I don't know if you are working in Calgary yet, but I would suggest you enrol in some kind of educational course, for example at SAIT or Mount Royal. You would certainly meet people your age there and start to improve your English, which is the most important thing for integrating into a new culture. Hope this helps.




wescott4 said:


> Hello first I apologize if english is no good its hard to translate some words or phrases. I moved to Calgary a few months ago (see I still dont even know how to spell it) Is it me or are people here quite mean. I have been denied entry to a few night spots for whatever reason it not important. Is there a place or group in Calgary to meet people with similar intrest, I like screen writting movies reading anything to do with art. Im 22 so a group with young age around mine would be nice. Any help would be great. Thank Yous.


----------



## louiseg (Nov 17, 2007)

Hi Westcott4, welcome to the forum,

Sorry to hear you are experiencing some difficulties. The first few months can be hard, especially when you have the added challenge with language too. Keep going it will get better. You are doing the right things be getting out to meet people and asking for help on here. It can be surprising how much negativity can be picked up unconsciously, I suggest you focus on the good things so far that you have experienced, approach each new encounter with fresh perspective. Be open, friendly, and keep perservering it will pay off. People in Calgary are not mean, its just you are finding the right way to communicate with them both verbally and phsyically.

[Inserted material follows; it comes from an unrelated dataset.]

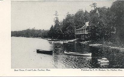 | "Boat House, Crystal Lake, Gardner, Mass.". Black & white printed postcard, UB. Published by E. H. Blodgett, No. Hadley, Mass. Unused. Probably circa 1906. |

Here's a few links that may help you find a group to get started. Keep in touch and PM me if you want to talk more.

Centre for Newcomers: Living in Calgary
Calgary Art Instruction - Calgary Alberta Art Classes
Find a Meetup Group - Screenwriters Meetups - Calgary
Calgary Clubs & Groups
Calgary Readers

Best Wishes Louise


----------



## wescott4 (Jan 27, 2009)

Thank yous very much, the screenwriters website was exactly what I look for. Some of my friend maybe come to Canada because I tell them how good Iam doing money wise and now with this it will be easy for us to assimilate into. Thank yous again very much appreciated.


----------



## wescott4 (Jan 27, 2009)

Thank yous but I come to Canada on a work experience type thing Im not sure if it means the same thing here as in Finland.


----------